Child Assessment & Testing - Emotional Disorder and Trauma

Child Assessment & Testing - Emotional Disorder and Trauma

Emotional disorders are difficult to recognise in children and adolescents. Children find it difficult to verbalise their problems and some emotions, such as unhappiness or irritability, which are often dismissed by adults as a normal part of growing up. Contextual factors that influence the development of emotional disorders can be ignored by adults and children's emotional expressions may be seen as independent events.

While experiencing anger, sadness, fear and so on is normal part of learning about emotions and their regulation, some children experience intense emotional reactions that fall outside the normal range. The main childhood emotional disorders are major depression, anxiety disorders and trauma. Comprehensive Psychological Assessment Centre offers clinical/diagnostic assessments to help recognise and treat these disorders.

CHILDHOOD DEPRESSION

With a few exceptions, the symptoms of major depression in children are generally the same as in adults. These include persistent depressed mood, change in appetite, loss of interest in previously enjoyed activities, sleep difficulties, reduced energy level, frequent fatigue, feelings of guilt and worthlessness, reduced ability to concentrate and possible thoughts of suicide and self-harm.

Some of the symptoms of depression in children are slightly different from the adult form and/or require additional attention:

First, in adults one of the most important sign of depression is the loss of interest in previously enjoyed activities. With children, it should be noted that as they develop their interests change, so losing interest must be related to an activity that a child would normally still likely to enjoy.

Second, change in appetite and sleep patterns in children often involve an increase rather than a decrease. Children with depression may sleep more than usual and may over eat.

Finally, sadness may not be apparent among children suffering from depression. Instead children may act cranky, irritable and angry.

ANXIETY DISORDERS

The main forms of anxiety disorders in children are separation anxiety and posttraumatic stress. Both can co-occur with other childhood disorders, particularly externalising behaviour.

Separation Anxiety
Children with separation anxiety typically become very anxious when they are away from home or parents. For these children separation from the safety of home and parents is intolerable and they react strongly. The key characteristics are irrational fears that the parents will be harmed in some way or that the child will be abandoned by them. The worries and fears are more intense when a child is separated from the parents or required to separate from them. The anxiety reactions often involve:

  • Refusal to attend childcare, pre-school or school. The anxiety is not associated with the school or childcare facility, but with the inability to separate from parents.

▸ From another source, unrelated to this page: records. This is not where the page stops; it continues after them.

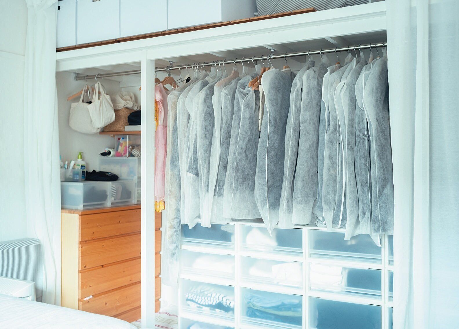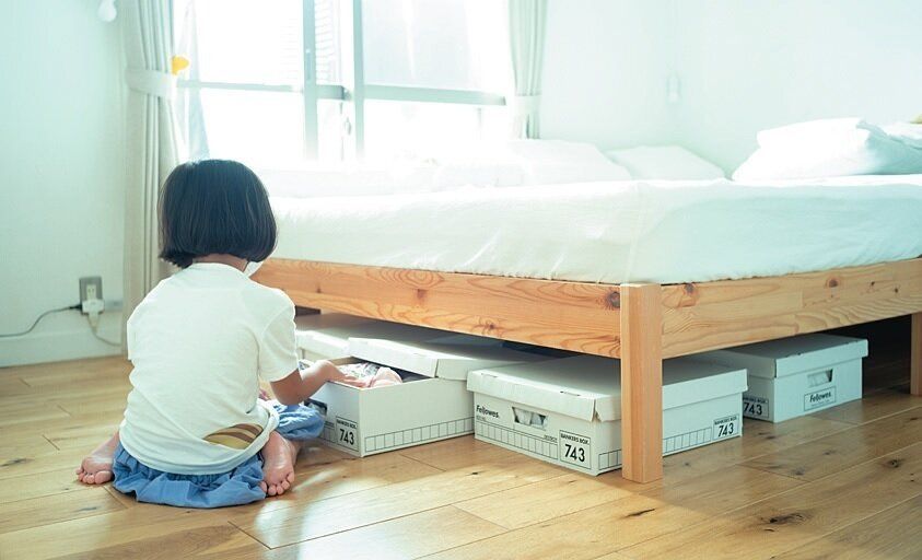 二女が1人で着替えられるように、寝室のベッドの下を二女の洋服の収納場所に。収納はふたつきで軽い紙箱を選べば出し入れしやすく、中が適当でも見えないからOKです。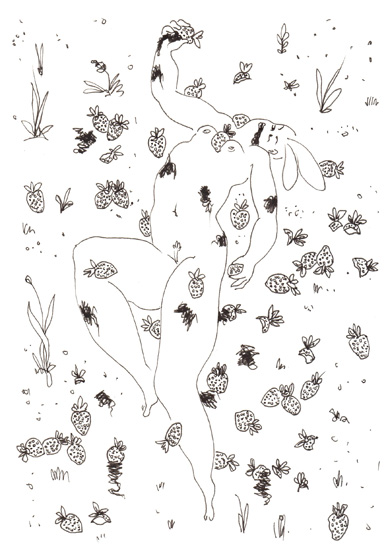 News to me; I didn’t know you can get drunk on strawberries. Thi-hi! But euphoric is a very proper word for the reaction to the taste of the first strawberries of the season (the ones grown out in the fields, not the ones grown in greenhouses). But your lady most certainly looks drunk, with strawberries everywhere. What inspired you to create this drawing, Frank? Smiles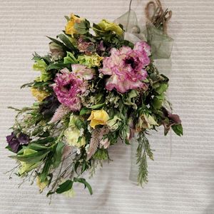 去年のドライフラワー キッチンに飾っていた3束を解体して 綺麗なお花だけを集めて作り直したスワッグです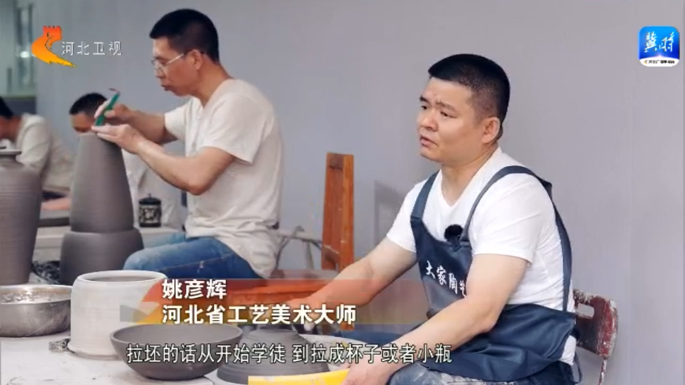 拉坯的话从开始学徒,到拉成那个杯子或者小瓶,最少3年到5年的时间,我是26年了,从原料啊每个环节都得要了解到,现在就是也带徒弟,要生生不息让它,一定要再传承下去。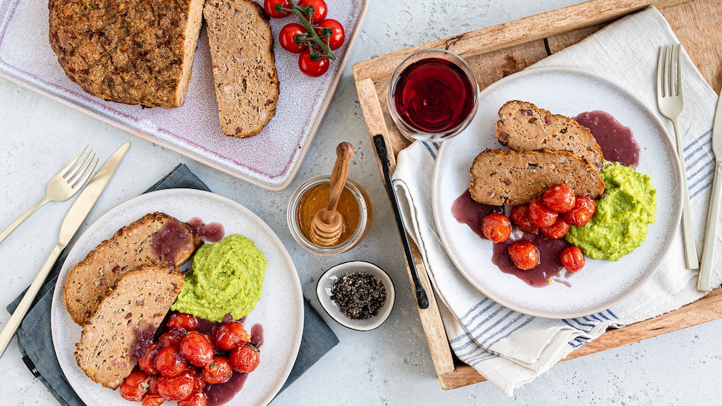 Saftiger Hackbraten aus dem Ofen mit Erbsenpüree, Ofentomaten und Rotweinsoße. Perfekt gewürzt und schonend gebacken für den besten Geschmack. Jetzt das Rezept entdecken!

  • Psychosomatic symptoms. Children with separation anxiety often become physically ill when they are required to go to childcare or school. They may experience headaches, nausea or vomiting. Monday mornings or the first attendance day during the week are often the most difficult times.

  • Reluctance or inability to sleep over at a friend's place or attend camps or overnight trips without the parents.

  • Persistent worry about harm to the parents when separated (e.g., accidents, burglary, murder, natural disasters...etc). Preoccupation with the worries and vivid fantasies about them.

  • Difficulty coping with the parents going out, whether staying with a baby sitter or older siblings. Children with separation anxiety may require detailed descriptions about the place where the parents are going to, how long they intend to stay, when are they going to be home and so on.

  • Recurring difficulty falling asleep. Children with separation anxiety need the company of their parents when go to bed and cannot fall asleep on their own.

Separation anxiety is relatively common and affect about 4% of children. While young children often experience separation anxiety, the condition peaks around early adolescence. Both boys and girls are affected, but girls experience it slightly more often.

Posttraumatic Stress
Reactions to trauma in children is very different from the adult experiences of traumatic stress. Generally, posttraumatic stress is characterised by the three symptom clusters of 1) recurring recollections of the trauma, 2) avoidance of any trauma related cues, and 3) persistent physiological hyperarousal. While adults more likely to express distress verbally, children, particularly young children, show a combination of problems.

Children typically show symptoms of hyperarousal through impulsivity, distractibility and attentional problems. Recollections of the traumatic incident may present through aggressive play, emotional numbing, avoidance of others and sleep problems. Additionally, children may experience sudden developmental regression or "return to a younger stage".

In the absence of clear knowledge about the traumatic incident, stress reactions in children can be misleading. Symptoms of hyperarousal may be interpreted as ADHD or conduct problems, whereas emotional experiences may be seen as childhood depression. In some cases parents can also misjudge their children's symptoms. Exposure to family violence and severe arguments during the early years may stay with children and may manifest through behavioural symptoms. Failing to recognise the connection between events in children's lives and later difficulties could lead to misdiagnoses and inaccurate treatment goals. A detailed diagnostic assessment by one of our expert child psychologists is the first step to make sure that children suffering from posttraumatic stress receive appropriate intervention.